Reproduce, without alteration, every line of the data; exclude the images.

────────

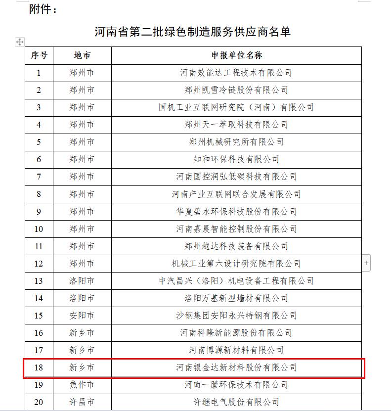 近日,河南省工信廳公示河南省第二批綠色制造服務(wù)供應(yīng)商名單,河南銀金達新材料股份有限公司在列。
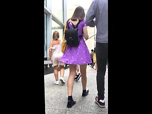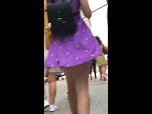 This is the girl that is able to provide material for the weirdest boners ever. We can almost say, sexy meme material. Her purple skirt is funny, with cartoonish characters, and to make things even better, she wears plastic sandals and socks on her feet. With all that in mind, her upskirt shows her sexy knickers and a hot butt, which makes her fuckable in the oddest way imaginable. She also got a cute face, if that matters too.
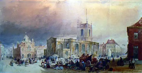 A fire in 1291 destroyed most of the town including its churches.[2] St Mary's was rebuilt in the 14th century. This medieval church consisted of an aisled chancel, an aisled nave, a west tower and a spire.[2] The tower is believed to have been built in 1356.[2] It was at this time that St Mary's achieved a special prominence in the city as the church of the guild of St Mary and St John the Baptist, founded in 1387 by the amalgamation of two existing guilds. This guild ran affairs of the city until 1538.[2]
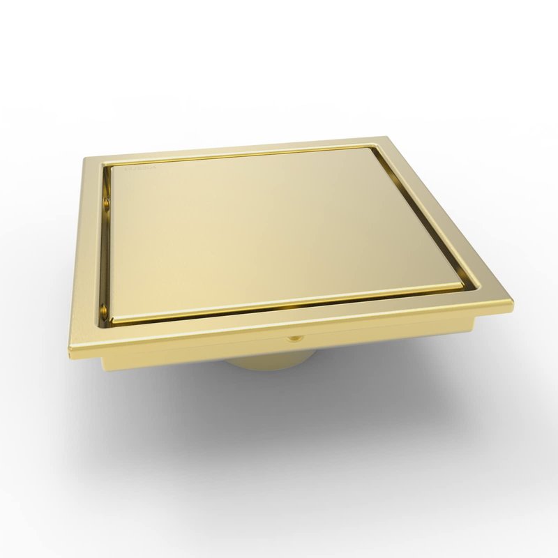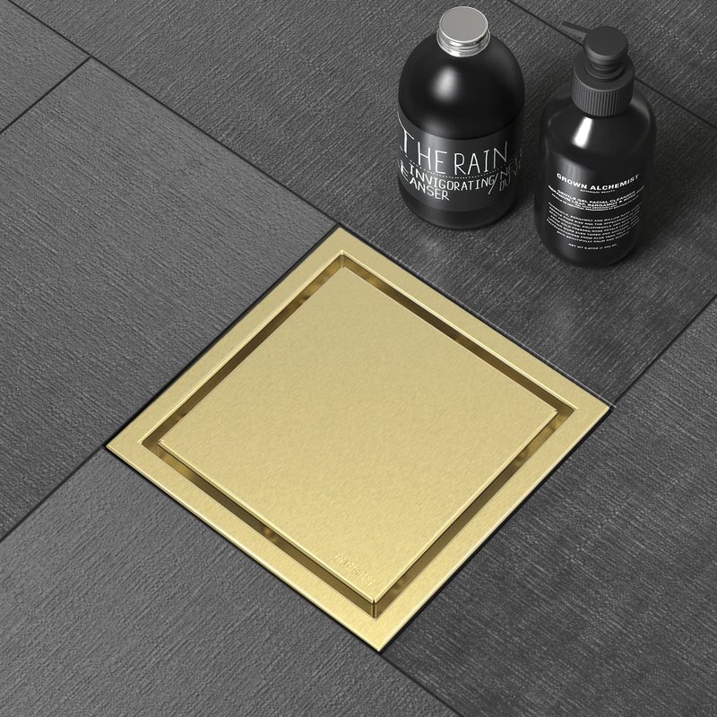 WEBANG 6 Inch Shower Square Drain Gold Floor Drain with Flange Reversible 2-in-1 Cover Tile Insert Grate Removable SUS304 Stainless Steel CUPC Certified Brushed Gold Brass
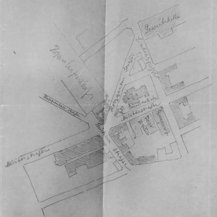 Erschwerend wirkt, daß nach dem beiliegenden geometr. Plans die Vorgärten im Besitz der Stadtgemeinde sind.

────────

### [Exercise solution]
 近日,河南省工信廳公示河南省第二批綠色制造服務(wù)供應(yīng)商名單,河南銀金達新材料股份有限公司在列。
 This is the girl that is able to provide material for the weirdest boners ever. We can almost say, sexy meme material. Her purple skirt is funny, with cartoonish characters, and to make things even better, she wears plastic sandals and socks on her feet. With all that in mind, her upskirt shows her sexy knickers and a hot butt, which makes her fuckable in the oddest way imaginable. She also got a cute face, if that matters too.
 A fire in 1291 destroyed most of the town including its churches.[2] St Mary's was rebuilt in the 14th century. This medieval church consisted of an aisled chancel, an aisled nave, a west tower and a spire.[2] The tower is believed to have been built in 1356.[2] It was at this time that St Mary's achieved a special prominence in the city as the church of the guild of St Mary and St John the Baptist, founded in 1387 by the amalgamation of two existing guilds. This guild ran affairs of the city until 1538.[2]
 WEBANG 6 Inch Shower Square Drain Gold Floor Drain with Flange Reversible 2-in-1 Cover Tile Insert Grate Removable SUS304 Stainless Steel CUPC Certified Brushed Gold Brass
 Erschwerend wirkt, daß nach dem beiliegenden geometr. Plans die Vorgärten im Besitz der Stadtgemeinde sind.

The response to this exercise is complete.